JSON document parsingMode Description Availability
One per blob json Parses JSON blobs as a single chunk of text. Each JSON blob becomes a single Azure Search document. Generally available in both REST and .NET APIs.
Multiple per blob jsonArray Parses a JSON array in the blob, where each element of the array becomes a separate Azure Search document. In preview, in REST api-version=2016-09-01-Preview and .NET SDK Preview.

Note

Preview APIs are intended for testing and evaluation, and should not be used in production environments.

Setting up JSON indexing

Indexing JSON blobs is similar to the regular document extraction in a three-part workflow common to all indexers in Azure Search.

Step 1: Create a data source

The first step is to provide data source connection information used by the indexer. The data source type, specified here as azureblob, determines which data extraction behaviors are invoked by the indexer. For JSON blob indexing, data source is definition is the same for both JSON documents and arrays.

POST https://[service name].search.windows.net/datasources?api-version=2016-09-01
Content-Type: application/json
api-key: [admin key]

{
    "name" : "my-blob-datasource",
    "type" : "azureblob",
    "credentials" : { "connectionString" : "DefaultEndpointsProtocol=https;AccountName=<account name>;AccountKey=<account key>;" },
    "container" : { "name" : "my-container", "query" : "optional, my-folder" }
}   

Step 2: Create a target search index

Indexers are paired with an index schema. If you are using the API (rather than the portal), prepare an index in advance so that you can specify it on the indexer operation.

Note

Indexers are exposed in the portal through the Import action for a limited number of generally available indexers. Often, the import workflow can often construct a preliminary index based on metadata in the source. For more information, see Import data into Azure Search in the portal.

Step 3: Configure and run the indexer

Until now, definitions for the data source and index have been parsingMode agnostic.

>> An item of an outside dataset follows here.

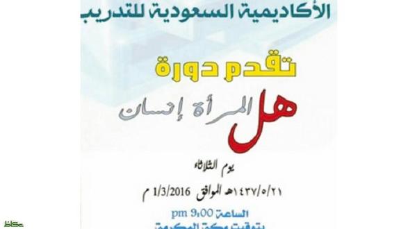 وتبادل مرتادو مواقع التواصل الاجتماعي صورة لإعلان دورة مقدمة من الأكاديمية السعودية للتدريب والاستشارات بعنوان “هل المرأة إنسان” يلقيها المدرب فهد الأحمدي.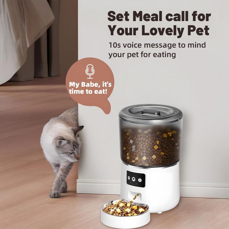 - Capacidade de 4l: O espaçoso reservatório de alimentos contém ração suficiente para alimentar gatos ou cães de pequeno a médio porte durante vários dias.

However, in step 3 for Indexer configuration, the path diverges depending on how you want the JSON blob content to be parsed and structured in an Azure Search index.

When calling the indexer, do the following:

  • Set the parsingMode parameter to json (to index each blob as a single document) or jsonArray (if your blobs contain JSON arrays and you need each element of an array to be treated as a separate document).

  • Optionally, use field mappings to choose which properties of the source JSON document are used to populate your target search index. For JSON arrays, if the array exists as a lower level property, you can set a document root indicating where the array is placed within the blob.

Important

When you use json or jsonArray parsing mode, Azure Search assumes that all blobs in your data source contain JSON. If you need to support a mix of JSON and non-JSON blobs in the same data source, let us know on our UserVoice site.

How to parse single JSON blobs

By default, Azure Search blob indexer parses JSON blobs as a single chunk of text. Often, you want to preserve the structure of your JSON documents. For example, assume you have the following JSON document in Azure Blob storage:

{
    "article" : {
        "text" : "A hopefully useful article explaining how to parse JSON blobs",
        "datePublished" : "2016-04-13"
        "tags" : [ "search", "storage", "howto" ]    
    }
}

Indexer definition for single JSON blobs

Using the Azure Search blob indexer, a JSON document similar to the previous example is parsed into a single Azure Search document. The indexer loads an index by matching "text", "datePublished", and "tags" from the source against identically named and typed target fields.

Configuration is provided in the body of an indexer operation. Recall that the data source object, previously defined, specifies the data source type and connection information. Additionally, the target index must also exist as an empty container in your service. Schedule and parameters are optional, but if you omit them, the indexer runs immediately, using json as the parsing mode.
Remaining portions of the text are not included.